In September of 2011 at a scientific conference in Malta, one scientist made a stunning announcement at a flu conference “he’d done a lab experiment that resulted in bird flu virus becoming highly contagious between ferrets — the animal model used to study human flu infection. It seemed that just five mutations did the trick.” This report on NPR in November 2011 did not reappear but in the same broadcast one noted bioterrorism expert and director of the Center for Biosecurity at a national University stated that, “It’s just a bad idea for scientists to turn a lethal virus into a lethal and highly contagious virus. And it’s a second bad idea for them to publish how they did it so others can copy it.”

So far no expert or whistle-blower has come forward to speak openly about experimentation with viral haemorrhagic fevers which are now lumped under the name of Ebola. Today as a vital component of prevention and public education there is the need for scientists and researchers to speak out about the laboratories in the West or elsewhere that have been experimenting with dual use pathogens. It is also necessary for the international community to know whether any of these research teams or University personnel associated with dual use pathogens has been active in the countries of Liberia, Sierra Leone, Guinea or Nigeria before the present outbreak of Ebola. At the minimum, ECOWAS and the African Union should pressure the UN Ebola Fund to focus not only on fund raising but to also make Freedom of Information Act (FOIA) requests to fully develop the measures to properly organize against outbreaks of the current type.

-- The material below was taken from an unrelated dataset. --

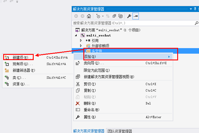 ①右键点击头文件,添加新建项

From the reports coming in on the numbers of people who have been left to die without attention or decent burial, the figures on the number of deaths in West Africa from theWorld Health Organization (WHO) have been a clear undercount to minimize the extent of the devastation being created by Ebola. In contrast to the numbers being broadcast by WHO, the Center for Disease Control and Prevention in Atlanta reported on Tuesday September 23 that “Ebola cases could increase to between 550,000 and 1.4 million in four months, based on several factors including how many people are infected by Ebola carriers. 

The report questioned whether the official number of deaths recorded by WHO, 2,800 out of at least 5,800 Ebola cases, has been underreported. CDC has said it is likely that 2.5 times as many cases, or nearly 20,000, have occurred so far.” (ix) On the same Tuesday that the CDC issued its dire warning of the prospect of 1.4 million persons dying, the New England Journal of Medicine also weighed in and stated that in an article entitles, “Ebola Virus Disease in West Africa —The First 9 Months of the Epidemic and Forward Projections,” “if the disease isn’t adequately contained, it could become endemic among the populations in countries hardest hit by the outbreak — Guinea, Sierra Leone and Liberia. …. “Without drastic improvements in control measures,” researchers say, “the numbers and cases and deaths from [Ebola] are expected to continue increasing from hundreds to thousands per week in coming months.” (x)

According to the WHO, “Extensive, immediate actions – such as those already started – can bring the epidemic to… a rapid decline in cases.”

Beyond the Militarization of the response to Ebola
The extensive and immediate action referred to by the World Health Organization refers to the deployment of military forces by the United States, Britain and France to the countries most affected. The United States has deployed over 4,000 military personnel to West Africa to assist in the fight against Ebola. The fight against Ebola cannot be a military effort. It must be an effort that is based on seeking to bring back the health and safety of the peoples whose communities have been destroyed with hundreds of families losing loved ones. 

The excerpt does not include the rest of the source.